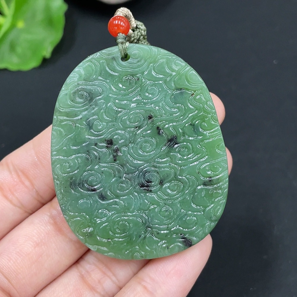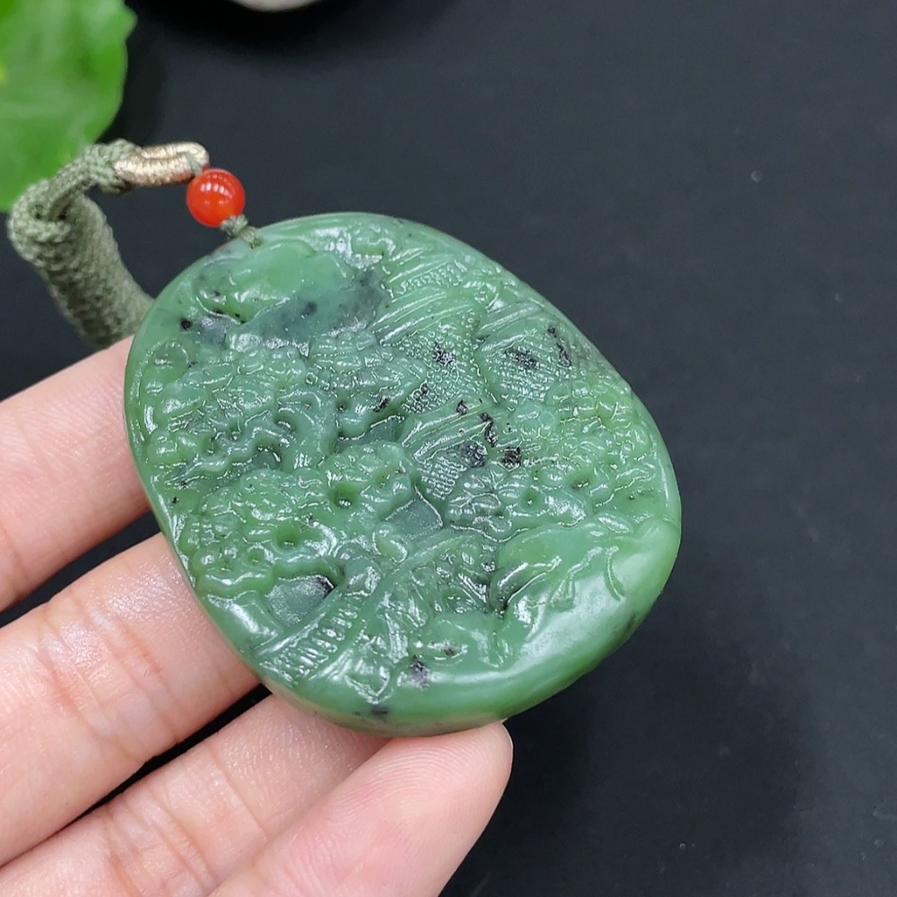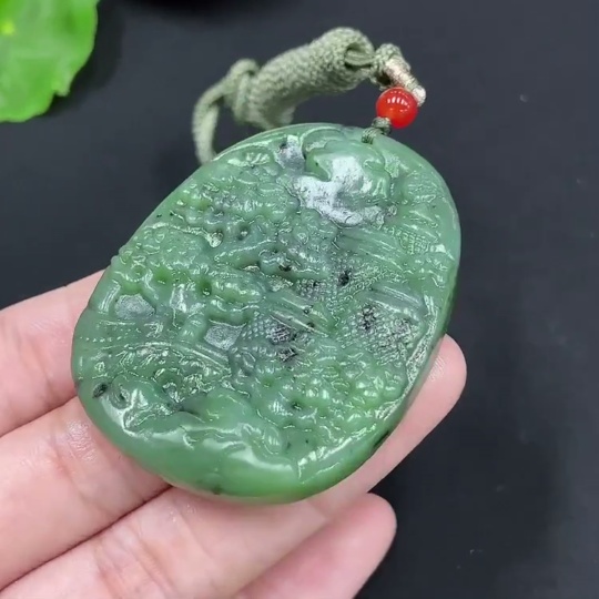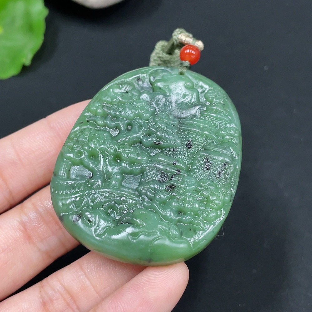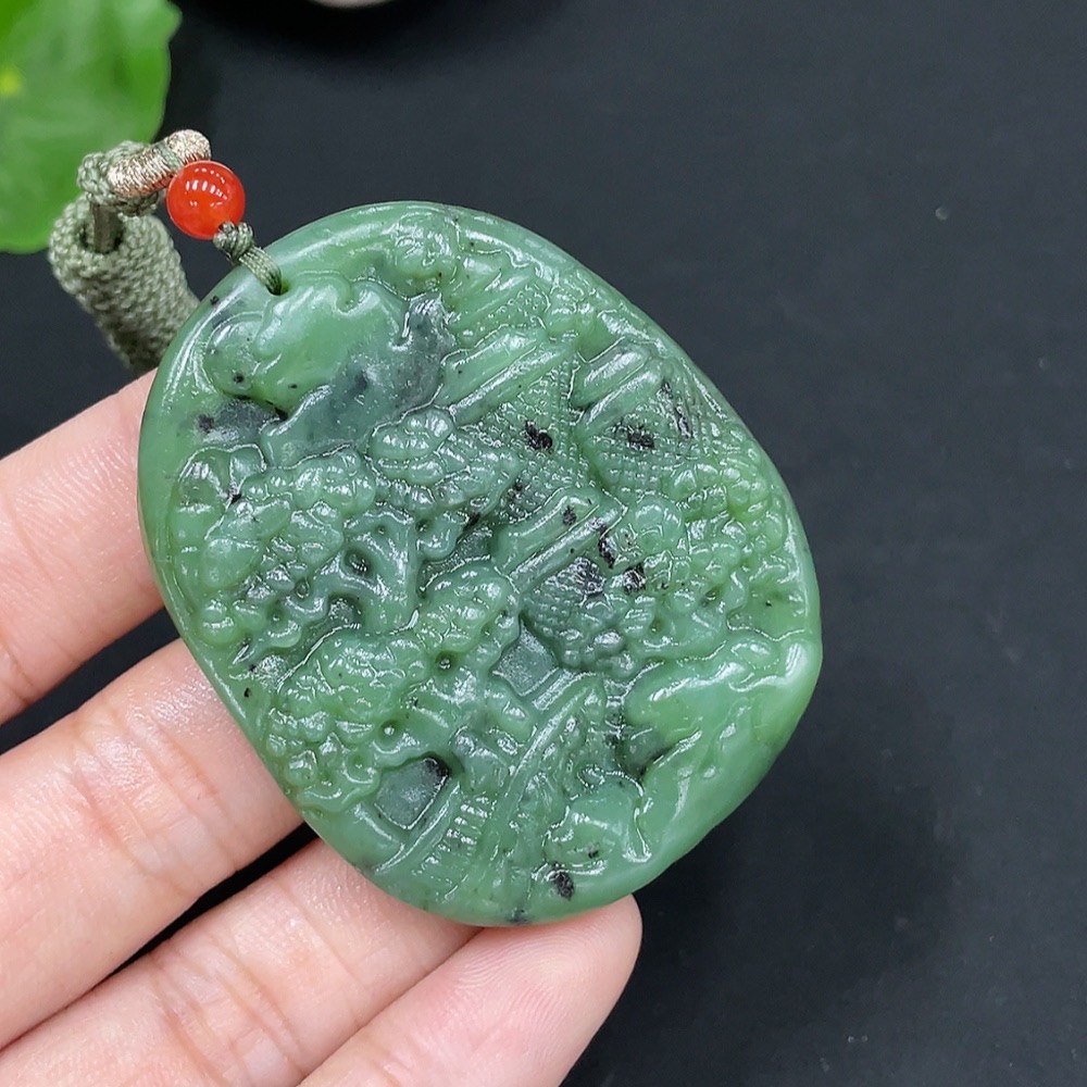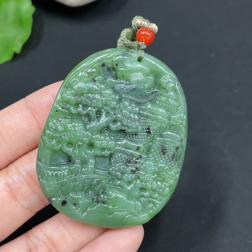 Hetian Jade Pendant, Landscape, Total Weight Approx. [with Rope] 32g
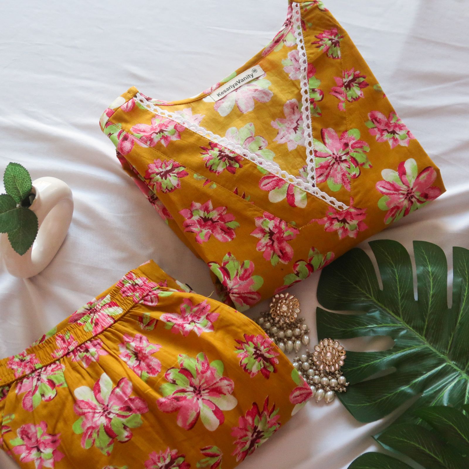 The kurta, tailored in a classic straight style. Each bloom is intricately printed, creating a mesmerizing tapestry of color and texture reminiscent of a majestic garden in full bloom.
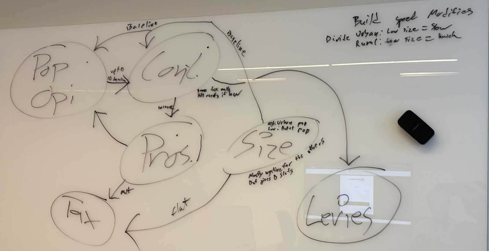 As a fun little side note, here’s a picture from one of our whiteboard sessions, trying to make a good visual map of what affects what. I am sorry for our terrible handwriting. But not sorry enough not to share the picture. Note that these are, of course, not the only things interacting with these different values, but it is rather about how these specific values interact with each other.
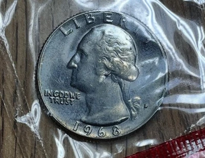 1968 D Washington Quarter BRILLIANT COIN UNC /MINT SEALED IN CELLO GEM
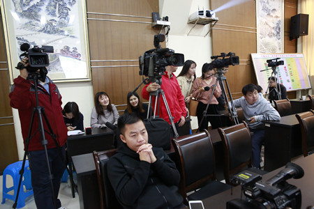 圖為集團全體領導和員工靜靜等待這一歷史性時刻
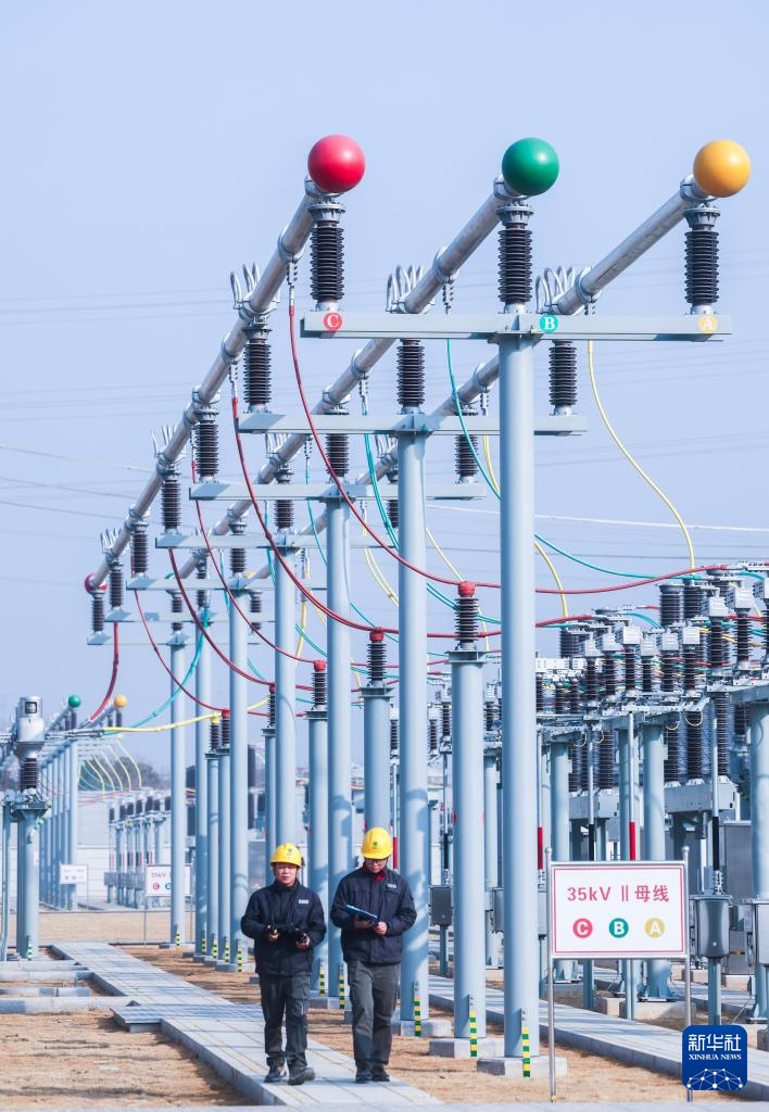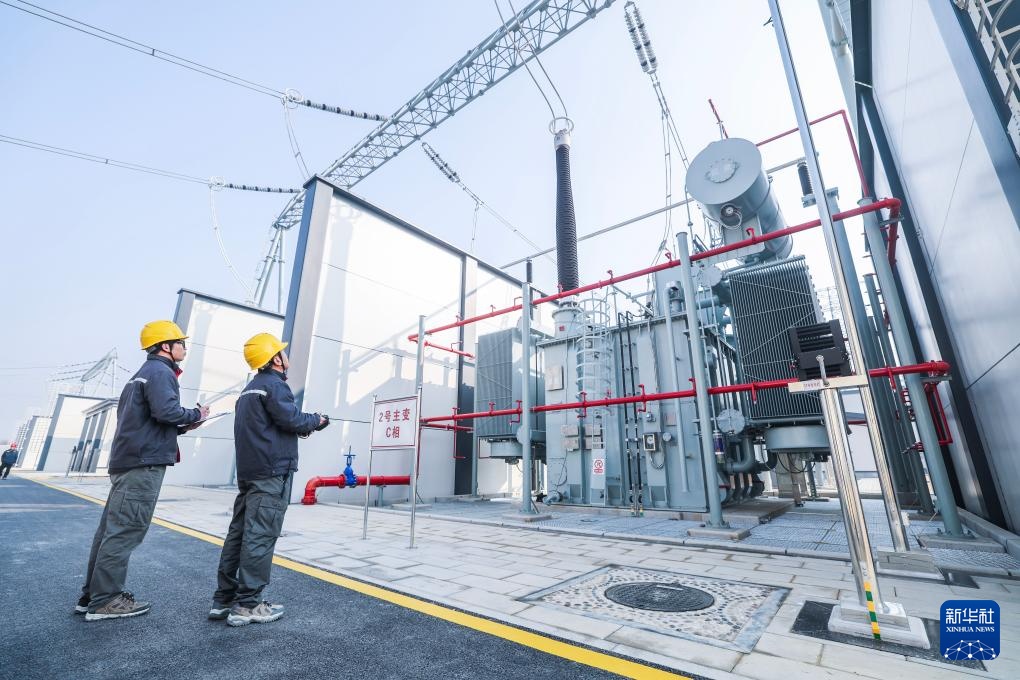 1月21日,在长兴500千伏输变电工程长兴变电站,工作人员巡查设备运行情况。
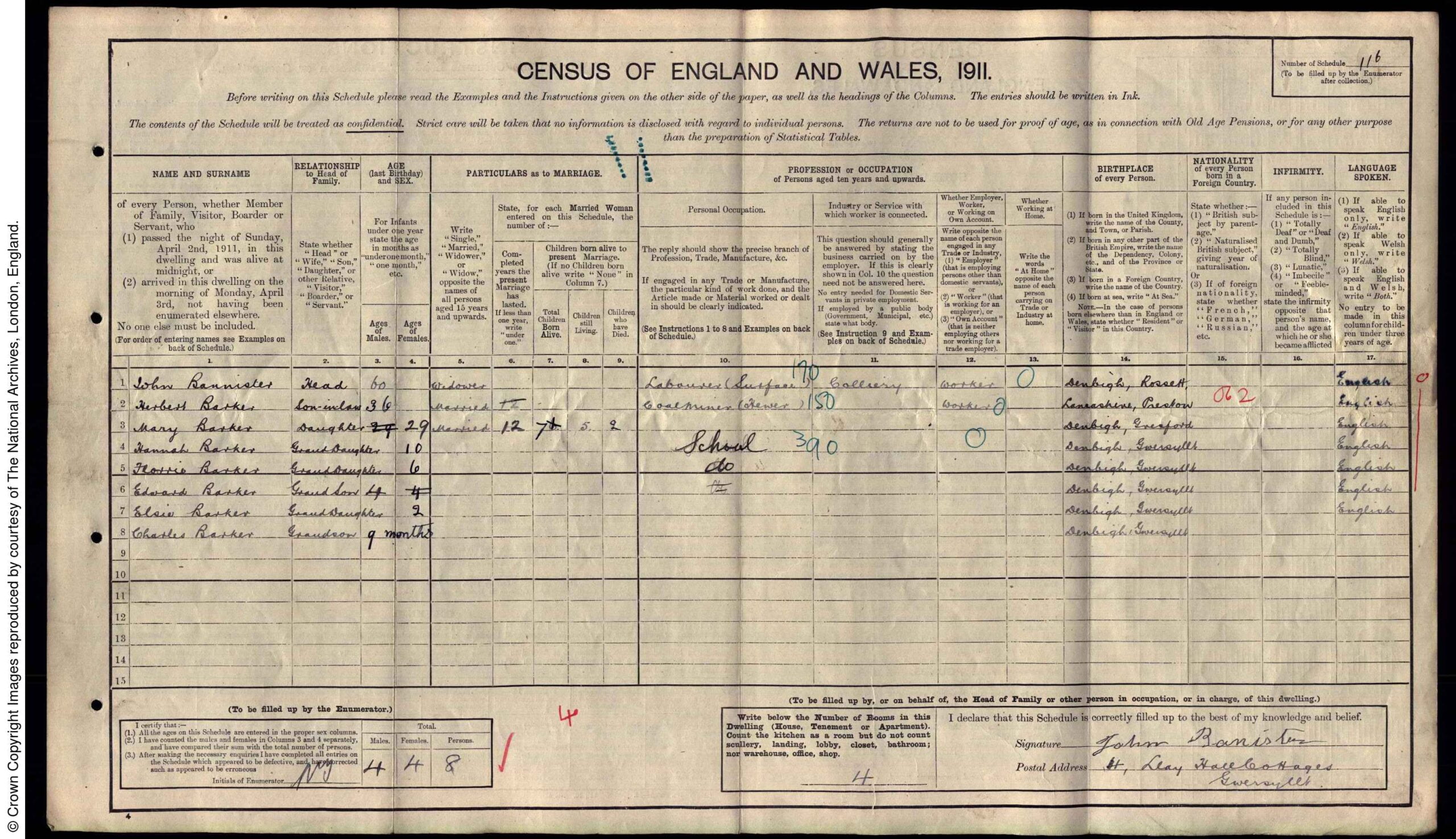 By 1911 they were still living at Llay Hall, but at 4, Llay Hall Cottages, the head of the household was Mary’s father John Bannister age 60 and a widower, he was a Labourer (Surface) and had been born in Rossett, Denbighshire. Herbert Barker, 36 was his son-in-law tell us that he had been married for 12 years and was a Coal Miner and confirms his place of birth as Preston, Lancs. Mary Barker, 36 and John’s daughter, tells us that 7 children had been born and 2 had sadly died. The grandchildren of John Bannister were Hannah, 10, Florrie, 6, Edward, 4, Elsie, 2 and Charles, 9 months, they had all been born in Gwersyllt.
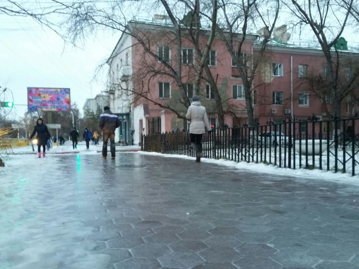 Костанайцев застал врасплох гололед, передает корреспондент Tengrinews.kz. В городе затруднено передвижение транспорта, дети не смогли доехать до школы, а взрослые опаздывают на работу.
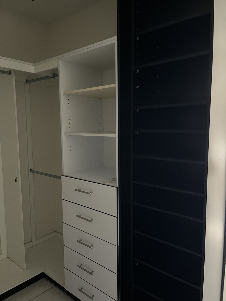 * O quarto principal é espaçoso, equipado com um closet com acabamentos de madeira super bonitos e atemporais.
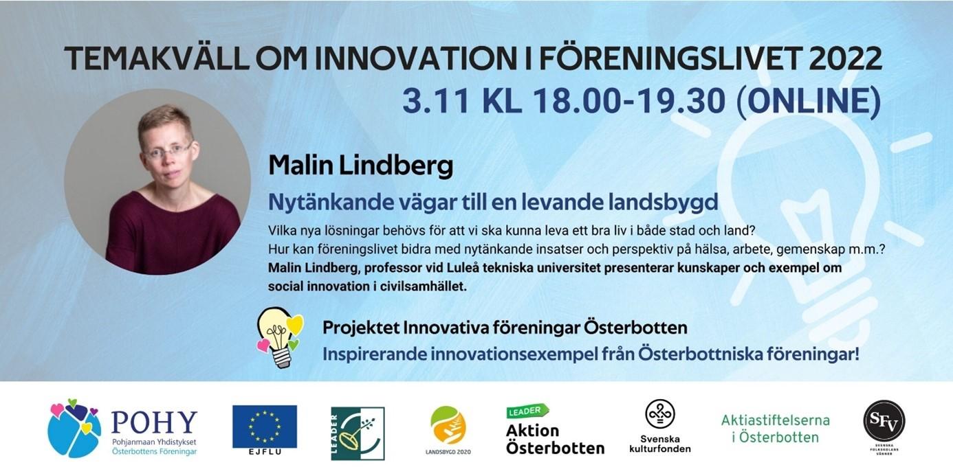 Vilka nya lösningar behövs för att vi ska kunna leva ett bra liv i både staden och på landet? Hur kan föreningslivet bidra med nytänkande insatser och perspektiv på hälsa, arbete, gemenskap m.m.? Under rubriken Nytänkande vägar till en levande landsbygd presenterar Malin Lindberg, professor vid Luleå tekniska universitet, kunskaper och exempel om social innovation i civilsamhället. Vi får även ta del av inspirerande innovationsexempel från österbottniska föreningar – ungdomslokal.fi, en gemenskap för unga på nätet och omställning i Älvbyarna.
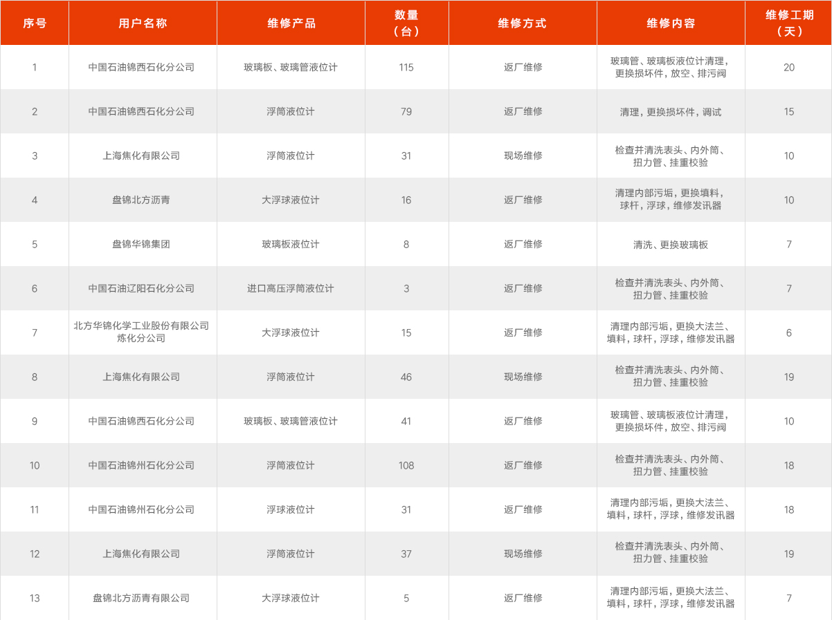 業(yè)績(部分檢維修服務(wù)統(tǒng)計)
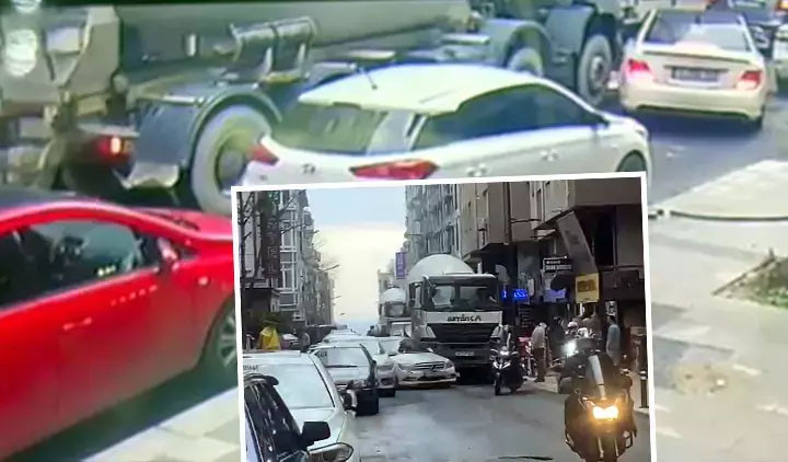 Beton mikseri otomobile çarptı! Avcılar'da kaza anı kamerada

→ What the exercise asks
Set the pictures aside and transcribe exactly the stretch of lines above, beginning with the one holding "Костанайцев застал врасплох" and ending with the one holding "Vilka nya lösningar".

→ Your solution
 Костанайцев застал врасплох гололед, передает корреспондент Tengrinews.kz. В городе затруднено передвижение транспорта, дети не смогли доехать до школы, а взрослые опаздывают на работу.
 * O quarto principal é espaçoso, equipado com um closet com acabamentos de madeira super bonitos e atemporais.
 Vilka nya lösningar behövs för att vi ska kunna leva ett bra liv i både staden och på landet? Hur kan föreningslivet bidra med nytänkande insatser och perspektiv på hälsa, arbete, gemenskap m.m.? Under rubriken Nytänkande vägar till en levande landsbygd presenterar Malin Lindberg, professor vid Luleå tekniska universitet, kunskaper och exempel om social innovation i civilsamhället. Vi får även ta del av inspirerande innovationsexempel från österbottniska föreningar – ungdomslokal.fi, en gemenskap för unga på nätet och omställning i Älvbyarna.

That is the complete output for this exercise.